O estado nigeriano se voltou contra seu povo. A única razão para atirar em uma
multidão de cidadãos pacíficos é aterrorizar: matar alguns e fazer os outros recuarem.
É um crime colossal e imperdoável. A ousadia é arrepiante, que o Estado assassinaria
seus cidadãos, de forma tão obviamente premeditada, como se estivesse certo da falta
de consequências.

É anarquia, um amigo me disse. A Nigéria está caindo no caos, disse outro amigo. Eles
podem estar certos, mas “anarquia” e “caos” são maneiras diferentes de usar a
linguagem para proteger o que é fundamentalmente culpado - uma falha de liderança.
Não precisava ser assim. O governo do presidente Muhammadu Buhari há muito é
ineficaz, com uma espécie de indiferença intencional. Sob sua liderança, a insegurança
piorou; há a sensação de que a Nigéria pode muito bem queimar até o chão enquanto
o presidente permanece malevolamente distante. O próprio presidente muitas vezes
telegrafou uma hipocrisia desdenhosa, como se envolver-se totalmente com os
nigerianos fosse inferior a ele. Doze horas depois que os soldados atiraram em
manifestantes pacíficos, Buhari ainda não havia se dirigido à nação.

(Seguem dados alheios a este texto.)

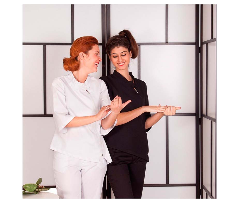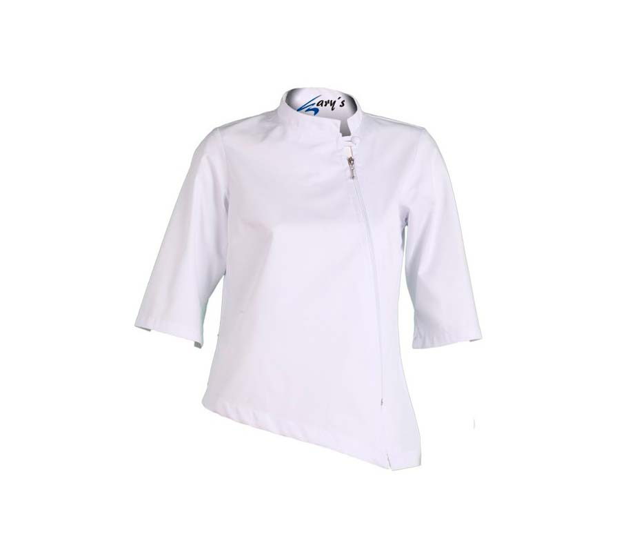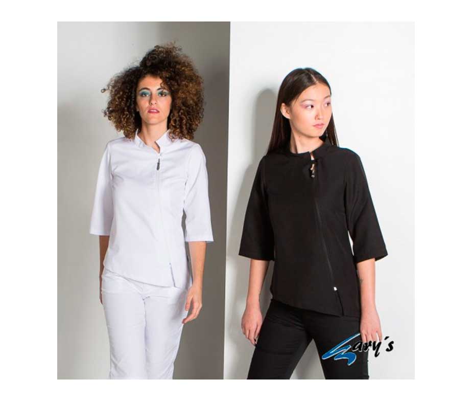 Casaca para uniformes peluquería, estética y spa elegantes. Blusa mangas 3/4 de mujer en color blanco tejido Sarga, o negro tejido 100% Poliéster Strech. Tejido muy cómodo y duradero. Gran resistencia al pilling Chaqueta esteticista o peluquera muy cómoda y con un diseño muy original. Casacas peluquería con mangas hasta el codo y cierre de cremallera en el costado. Ideal para uniformes originales de peluquerías, uniformes estética elegantes, balnearios, uniformes spa de lujo y centros sanitarios. Blusa para peluquera Garys Geisha 6238

Um movimento não pode se espalhar tão orgânica e amplamente pela Nigéria se não
refletir legitimamente as queixas das pessoas comuns. Um governo eleito
democraticamente que é incapaz ou não deseja resolver totalmente essas queixas
fracassou.

Na primeira semana de protestos, o presidente enviou um tweet e depois fez um


discurso flácido sobre o fim da SARS. O inspetor-geral da polícia anunciou que o SARS
foi eliminado, mas o governo anunciou a dissolução do SARS algumas vezes no
passado, a partir de 2017. Como os nigerianos estão tão acostumados com a natureza
dupla de seus governos, promessas destruído antes mesmo de ser feito, não é
surpreendente que os manifestantes desconfiem do governo e estejam exigindo ações
claras ao invés de palavras.

Há semanas estou em minha cidade natal ancestral, onde enterramos pela primeira
vez meu amado pai e, uma semana depois, enterramos sua única irmã, minha tia
Rebecca. Imerso em minha própria dor crua, os momentos frequentes de tristeza
atordoante, pensando no caixão de meu pai sendo baixado na terra amolecida pela
chuva, me perguntando se tudo ainda poderia ser um sonho ruim, penso com um novo
tipo de pungência sobre aqueles que foram mortos. Penso em suas famílias
mergulhadas brutalmente no terrível abismo da dor, ainda mais terrível por saber que
seus entes queridos foram mortos por seu país. E para quê? Porque pediram
pacificamente para poder viver.

Chimamanda Ngozi Adichie é uma romancista e autora, mais recentemente, de “Dear


Ijeawele, ou Um Manifesto Feminista em Quinze Sugestões”.